### Exercise brief
Write the entries below out again exactly, but skip the pictures.
══ Records to use
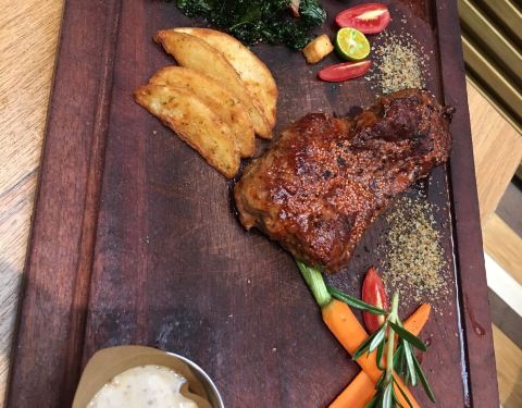 离屋企较近、价格相对实惠的西餐厅,虽然无好既气氛,但点野的味道吾错。碳烧猪颈扒、盐稣鸡、焦糖吐司金字塔、 猪小扒味道吾错,每次去必点,值得推荐。今次去点左个卡朋大杂扒,里面的猪扒好难吃,建议吾好点。
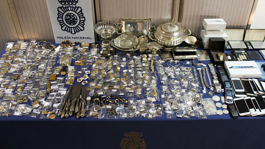 En la operación, se han realizado un total de siete registros interviniéndose un vehículo, casi 20.000 euros en efectivo además de dinero procedente de otros países, 18 teléfonos móviles de alta gama, relojes, más de 1.400 gramos de piezas de joyería, útiles para el mantenimiento de los metales y documentos utilizados como "muletas" para cometer los hurtos con anagramas de una asociación de discapacitados.
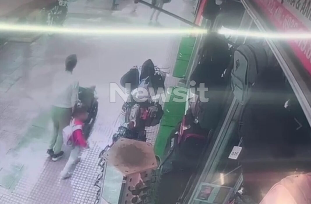 Όπως θα δείτε, το κοριτσάκι που φοράει κόκκινη μπλούζα κι έχει στην πλάτη του μια σχολική τσάντα, θα προσπεράσει την γυναίκα με το καροτσάκι. Τότε αυτή θα τη σταματήσει και θα τη ρωτήσει εάν είναι μόνη της και που πηγαίνει. Όταν θα λάβει την απάντηση ότι δεν συνοδεύεται από κάποιον, τότε θα σταματήσει την 4χρονη και μαζί με υπαλλήλους μιας καφετέριας θα ειδοποιήσουν την αστυνομία.
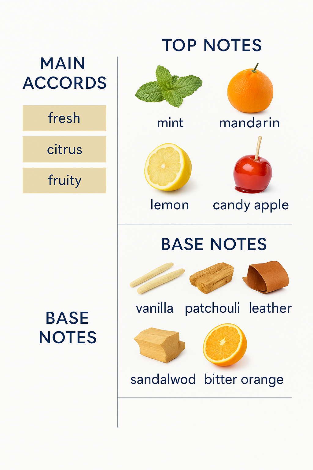 While the base notes conclude the composition with vanilla, patchouli, cedarwood, leather, sandalwood and bitter orange.
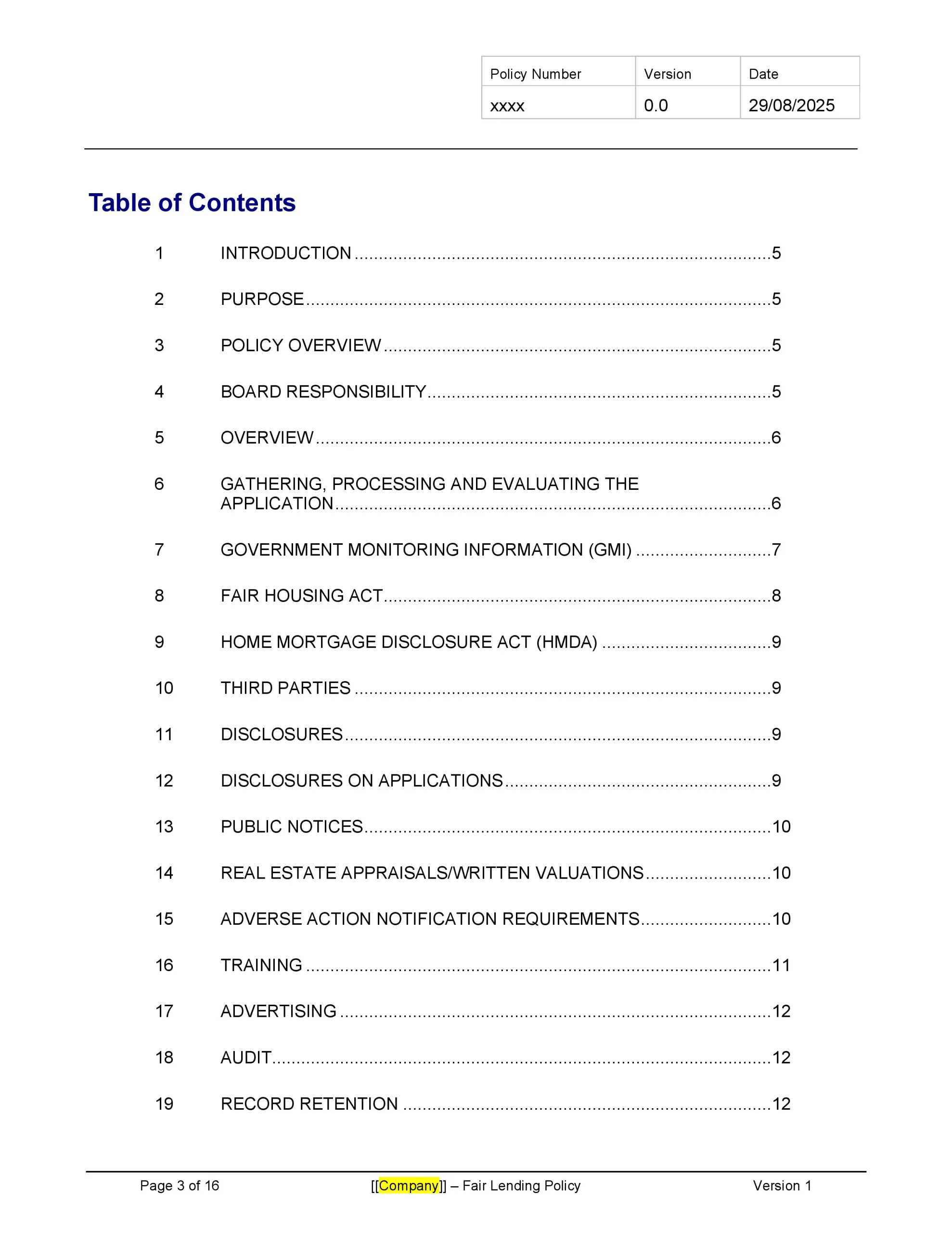 This customizable template allows you to tailor the policy to your credit union’s specific needs while ensuring adherence to regulatory requirements. It includes placeholders for institution-specific information and offers flexibility to incorporate your unique lending products and services.
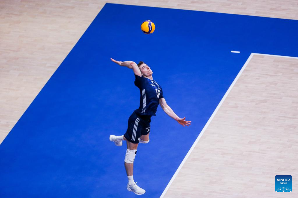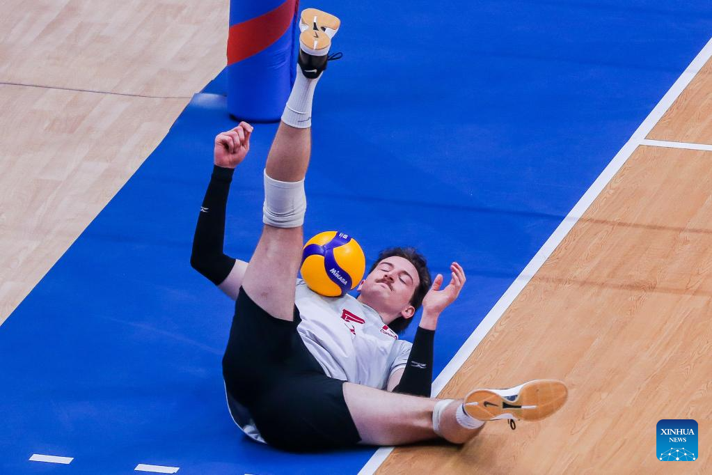 Kamil Semeniuk of Poland competes during the Pool 6 match between Poland and Canada at the Men's Volleyball Nations League in Pasay City, the Philippines, July 8, 2023. (Xinhua/Rouelle Umali)
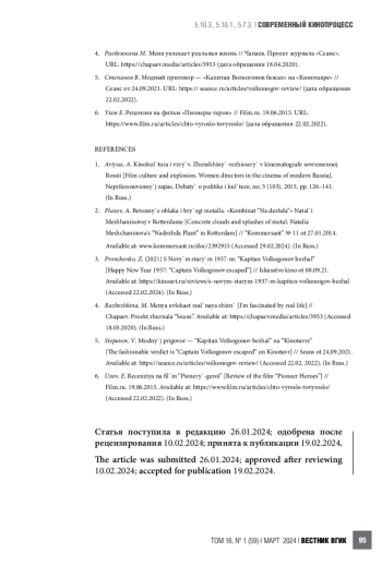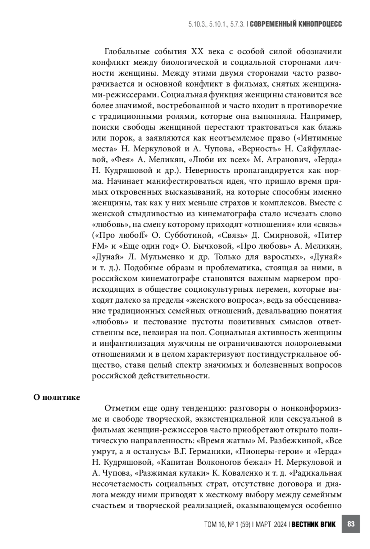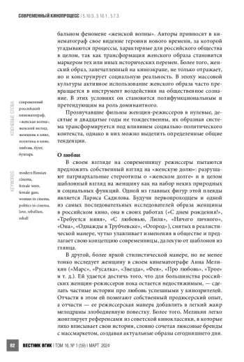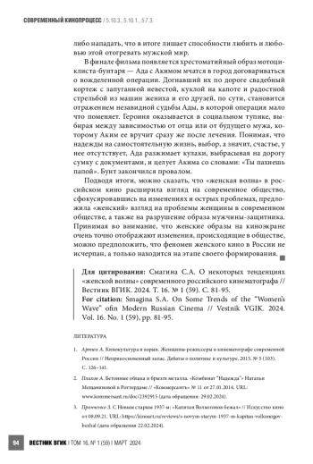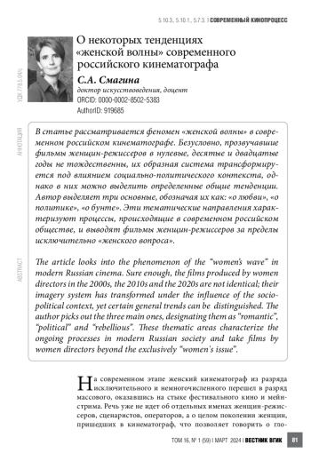 СМАГИНА С. А. О НЕКОТОРЫХ ТЕНДЕНЦИЯХ «ЖЕНСКОЙ ВОЛНЫ» СОВРЕМЕННОГО РОССИЙСКОГО КИНЕМАТОГРАФА // ВЕСТНИК ВГИК. 2024. ТОМ 16, №1 (59)
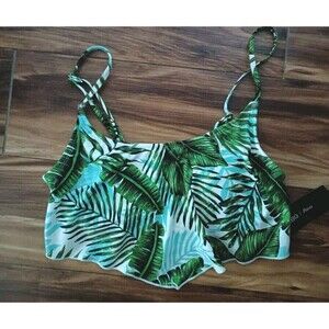 BCBG PARIS Scarf Top Bikini Top Size Medium Green Palm Leaf Swim Tropical New
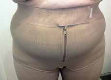 Ausführungen und Versorgungsformen werden unter Berücksichtigung von Handling, Kraft, Alter, Compliance und Begleiterkrankungen des Patienten, u. a. Adipositas, gewählt (Abb. 1 und Abb. 2). Variationsmöglichkeiten einer geteilten Versorgung sind hierbei oft unumgänglich (Abb. 3). Einer empfindlichen Haut kann durch form- und funktionsgerechte Stricktechnik (Abb. 4), partielles Einbringen von Futterstoff, Silikonauflagen, Silberfäden oder Reißverschlüssen zur besseren Platzierung von Wundauflagen begegnet werden. Bei der Vermessung des Patienten sollten nicht nur die Zugmaße, sondern auch die Hautmaße notiert werden. Nur so ist eine Vergleichbarkeit der Maße im weiteren Therapieverlauf möglich. Die Anpassung der Strümpfe sollte zeitnah erfolgen. Anziehen und Pflege der Bestrumpfung müssen erklärt werden. Die Vereinbarung eines Kontrolltermins sowie eine Wechselversorgung runden die Beratung ab.
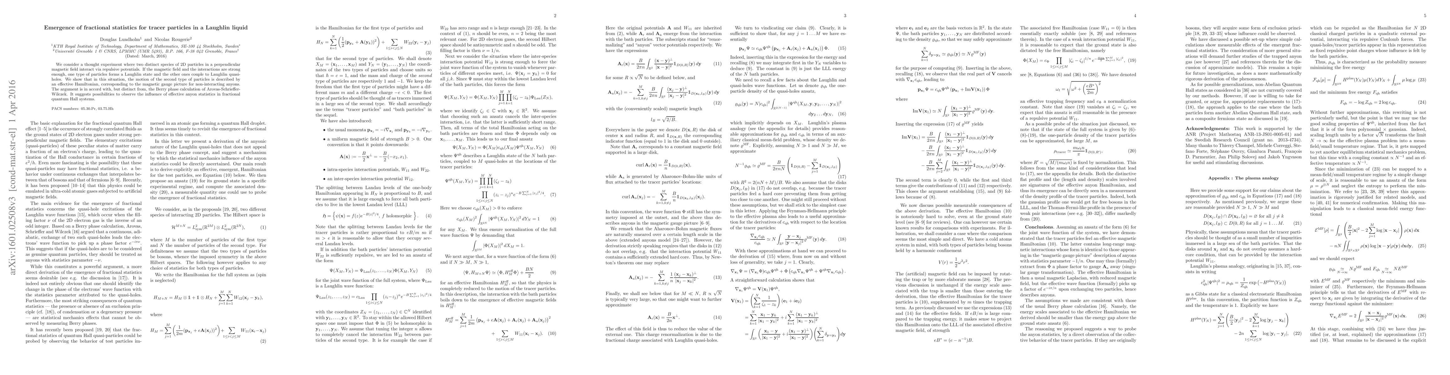 We consider a thought experiment where two distinct species of 2D particles in a perpendicular magnetic field interact via repulsive potentials. If the magnetic field and the interactions are strong enough, one type of particles forms a Laughlin state and the other ones couple to Laughlin quasi-holes. We show that in this situation, the motion of the second type of particles is described by an effective Hamiltonian, corresponding to the magnetic gauge picture for non-interacting anyons. The argument is in accord with, but distinct from, the Berry phase calculation of Arovas-Schrieffer-Wilczek. It suggests possibilities to observe the influence of effective anyon statistics in fractional quantum Hall systems.
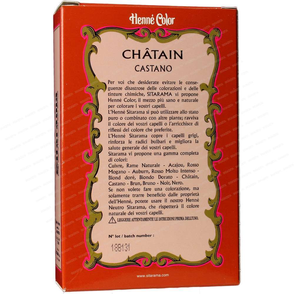Sitarama Hennè Castano polvere 100g; L’Henné Color è una linea basata su la polvere di henné (Lawsonia Inermis) e miscelata con altre polveri vegetali derivate da piante tintoree; un vero e proprio trattamento di bellezza per i vostri capelli. L’Henné è un’erba tintorea dai numerosi benefici, oltre a colorare, pulisce i capelli, li rinforza, li volumizza, li rende più lucidi e corposi. E’ ideale per chi ha capelli fini e deboli e chi ha problemi di forfora. Con l’uso prolungato aiuta le persone che soffrono di psoriasi e dermatite e risolve anche i problemi delle doppie punte. Secondo analisi di laboratorio l’henné avrebbe anche virtù antimicotiche e astringenti.
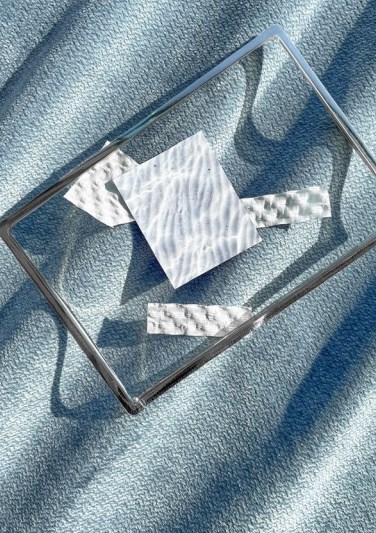 Флисовая подложка дает пластичность: ткань легко драпируется, облегает любые формы и создает тактильный объем. Шевронный узор добавляет строгим силуэтам визуальную глубину, разбивая монотонность больших поверхностей..
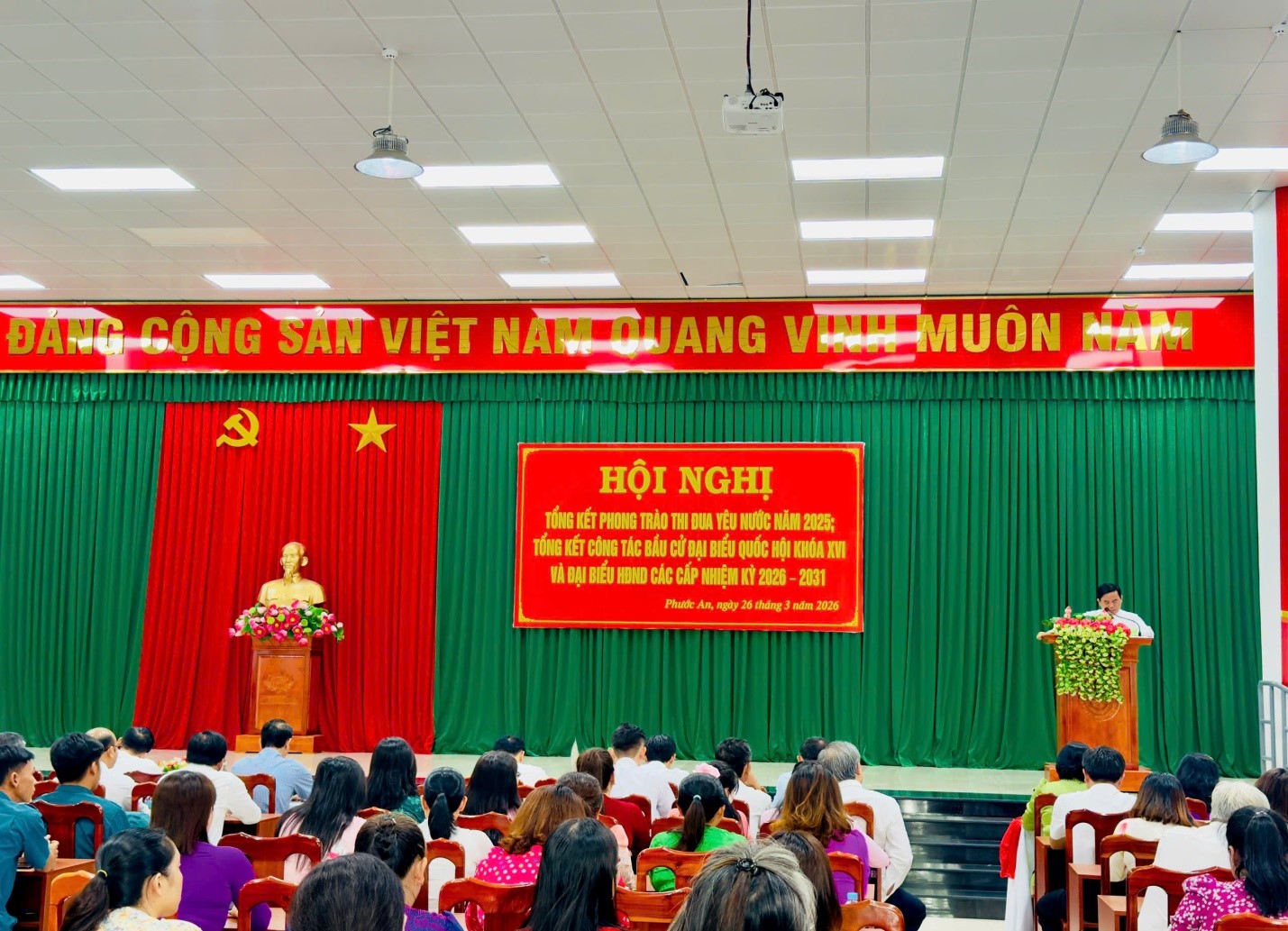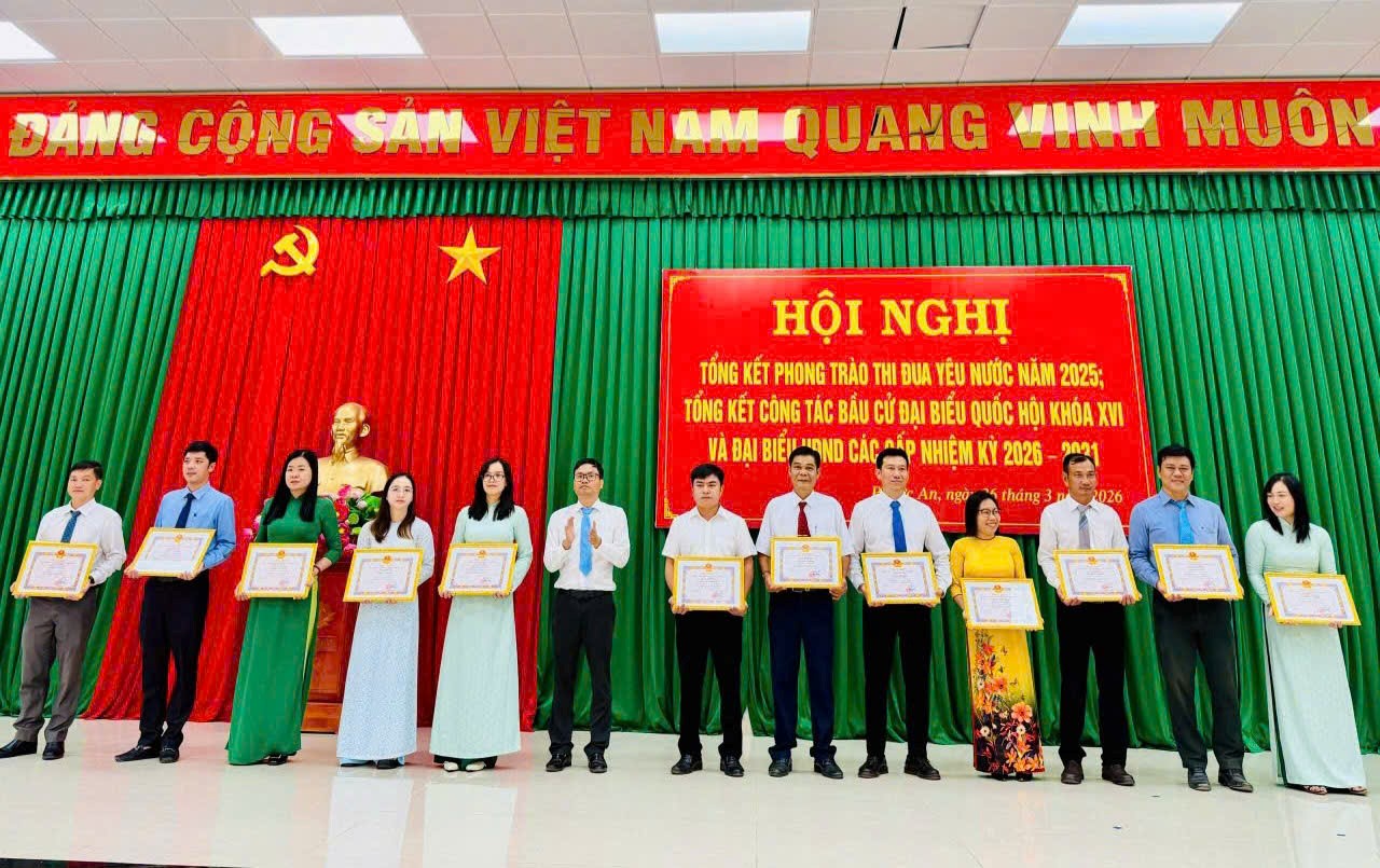 Sáng ngày 26/3/2026, tại Trung tâm Dịch vụ Tổng hợp xã Phước An, UBND xã đã tổ chức Hội nghị tổng kết phong trào thi đua yêu nước năm 2025; tổng kết công tác bầu cử đại biểu Quốc hội khóa XVI và đại biểu HĐND các cấp nhiệm kỳ 2026–2031; đồng thời trao giải Hội thi trang trí trụ sở mừng Đảng, mừng Xuân 2026.
════
### Answer to this problem
 离屋企较近、价格相对实惠的西餐厅,虽然无好既气氛,但点野的味道吾错。碳烧猪颈扒、盐稣鸡、焦糖吐司金字塔、 猪小扒味道吾错,每次去必点,值得推荐。今次去点左个卡朋大杂扒,里面的猪扒好难吃,建议吾好点。
 En la operación, se han realizado un total de siete registros interviniéndose un vehículo, casi 20.000 euros en efectivo además de dinero procedente de otros países, 18 teléfonos móviles de alta gama, relojes, más de 1.400 gramos de piezas de joyería, útiles para el mantenimiento de los metales y documentos utilizados como "muletas" para cometer los hurtos con anagramas de una asociación de discapacitados.
 Όπως θα δείτε, το κοριτσάκι που φοράει κόκκινη μπλούζα κι έχει στην πλάτη του μια σχολική τσάντα, θα προσπεράσει την γυναίκα με το καροτσάκι. Τότε αυτή θα τη σταματήσει και θα τη ρωτήσει εάν είναι μόνη της και που πηγαίνει. Όταν θα λάβει την απάντηση ότι δεν συνοδεύεται από κάποιον, τότε θα σταματήσει την 4χρονη και μαζί με υπαλλήλους μιας καφετέριας θα ειδοποιήσουν την αστυνομία.
 While the base notes conclude the composition with vanilla, patchouli, cedarwood, leather, sandalwood and bitter orange.
 This customizable template allows you to tailor the policy to your credit union’s specific needs while ensuring adherence to regulatory requirements. It includes placeholders for institution-specific information and offers flexibility to incorporate your unique lending products and services.
 Kamil Semeniuk of Poland competes during the Pool 6 match between Poland and Canada at the Men's Volleyball Nations League in Pasay City, the Philippines, July 8, 2023. (Xinhua/Rouelle Umali)
 СМАГИНА С. А. О НЕКОТОРЫХ ТЕНДЕНЦИЯХ «ЖЕНСКОЙ ВОЛНЫ» СОВРЕМЕННОГО РОССИЙСКОГО КИНЕМАТОГРАФА // ВЕСТНИК ВГИК. 2024. ТОМ 16, №1 (59)
 BCBG PARIS Scarf Top Bikini Top Size Medium Green Palm Leaf Swim Tropical New
 Ausführungen und Versorgungsformen werden unter Berücksichtigung von Handling, Kraft, Alter, Compliance und Begleiterkrankungen des Patienten, u. a. Adipositas, gewählt (Abb. 1 und Abb. 2). Variationsmöglichkeiten einer geteilten Versorgung sind hierbei oft unumgänglich (Abb. 3). Einer empfindlichen Haut kann durch form- und funktionsgerechte Stricktechnik (Abb. 4), partielles Einbringen von Futterstoff, Silikonauflagen, Silberfäden oder Reißverschlüssen zur besseren Platzierung von Wundauflagen begegnet werden. Bei der Vermessung des Patienten sollten nicht nur die Zugmaße, sondern auch die Hautmaße notiert werden. Nur so ist eine Vergleichbarkeit der Maße im weiteren Therapieverlauf möglich. Die Anpassung der Strümpfe sollte zeitnah erfolgen. Anziehen und Pflege der Bestrumpfung müssen erklärt werden. Die Vereinbarung eines Kontrolltermins sowie eine Wechselversorgung runden die Beratung ab.
 We consider a thought experiment where two distinct species of 2D particles in a perpendicular magnetic field interact via repulsive potentials. If the magnetic field and the interactions are strong enough, one type of particles forms a Laughlin state and the other ones couple to Laughlin quasi-holes. We show that in this situation, the motion of the second type of particles is described by an effective Hamiltonian, corresponding to the magnetic gauge picture for non-interacting anyons. The argument is in accord with, but distinct from, the Berry phase calculation of Arovas-Schrieffer-Wilczek. It suggests possibilities to observe the influence of effective anyon statistics in fractional quantum Hall systems.
Sitarama Hennè Castano polvere 100g; L’Henné Color è una linea basata su la polvere di henné (Lawsonia Inermis) e miscelata con altre polveri vegetali derivate da piante tintoree; un vero e proprio trattamento di bellezza per i vostri capelli. L’Henné è un’erba tintorea dai numerosi benefici, oltre a colorare, pulisce i capelli, li rinforza, li volumizza, li rende più lucidi e corposi. E’ ideale per chi ha capelli fini e deboli e chi ha problemi di forfora. Con l’uso prolungato aiuta le persone che soffrono di psoriasi e dermatite e risolve anche i problemi delle doppie punte. Secondo analisi di laboratorio l’henné avrebbe anche virtù antimicotiche e astringenti.
 Флисовая подложка дает пластичность: ткань легко драпируется, облегает любые формы и создает тактильный объем. Шевронный узор добавляет строгим силуэтам визуальную глубину, разбивая монотонность больших поверхностей..
 Sáng ngày 26/3/2026, tại Trung tâm Dịch vụ Tổng hợp xã Phước An, UBND xã đã tổ chức Hội nghị tổng kết phong trào thi đua yêu nước năm 2025; tổng kết công tác bầu cử đại biểu Quốc hội khóa XVI và đại biểu HĐND các cấp nhiệm kỳ 2026–2031; đồng thời trao giải Hội thi trang trí trụ sở mừng Đảng, mừng Xuân 2026.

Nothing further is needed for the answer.